To demonstrate that a solution exists between 1.5 and 1.6, we will evaluate the function:

$f(x) = x^3 + x - 3$

Next, we calculate $f(1.5)$ and $f(1.6)$ :

Computing $f(1.5)$ : $f(1.5) = (1.5)^3 + (1.5) - 3 = 3.375 + 1.5 - 3 = 1.875$
Computing $f(1.6)$ : $f(1.6) = (1.6)^3 + (1.6) - 3 = 4.096 + 1.6 - 3 = 2.696$

We have:

$f(1.5) = 1.875 > 0$
$f(1.6) = 2.696 > 0$

Therefore, we need to check values between them to find a sign change.
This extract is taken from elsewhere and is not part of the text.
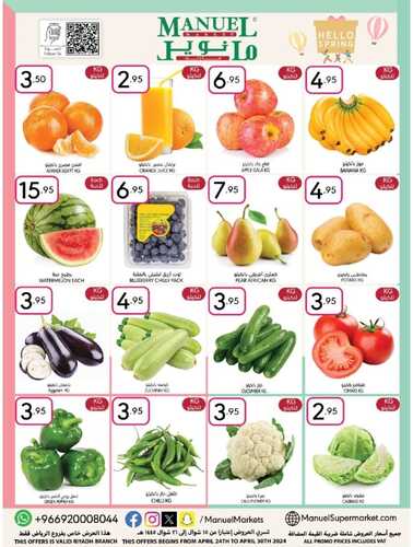 عروض مانويل الرياض غداً الأربعاء الأسبوعية 24 ابريل 2024 الموافق 15 شوال 1445 Hello Spring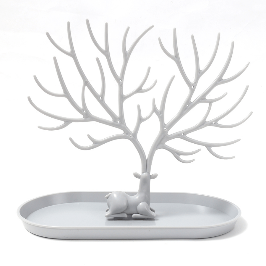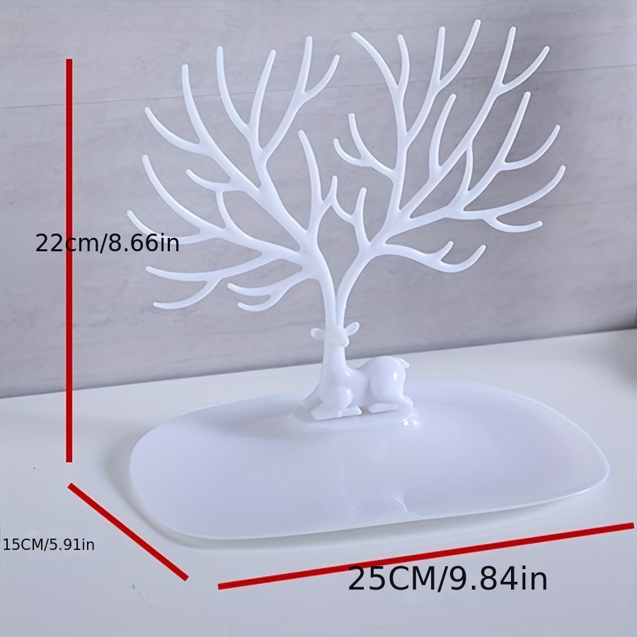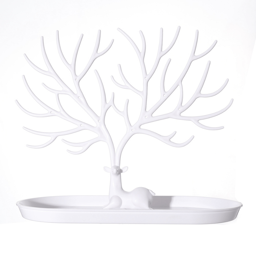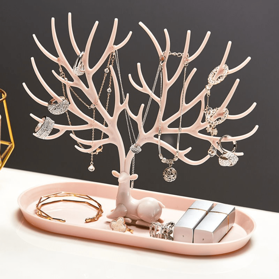 Organize your jewelry with this stylish display stand tray that also serves as a desktop organizer. Perfect for earrings, necklaces, and rings.

Now try $f(1.4)$ :

Computing $f(1.4)$ : $f(1.4) = (1.4)^3 + (1.4) - 3 = 2.744 + 1.4 - 3 = 1.144$

Now let's check $f(1.3)$ :

Computing $f(1.3)$ : $f(1.3) = (1.3)^3 + (1.3) - 3 = 2.197 + 1.3 - 3 = 0.497$

Continuing this process leads us to establish that:

$f(1.45)$ yields a negative value.

Hence, since $f(1.5) > 0$ and $f(1.45) < 0$ , there is a root in the interval $(1.5, 1.6)$ by the Intermediate Value Theorem.

Step 2

Show that the equation $x^2 = x^3 + x - 3$ can be rearranged into the form $x^2 = x - 1 + \frac{3}{x}$.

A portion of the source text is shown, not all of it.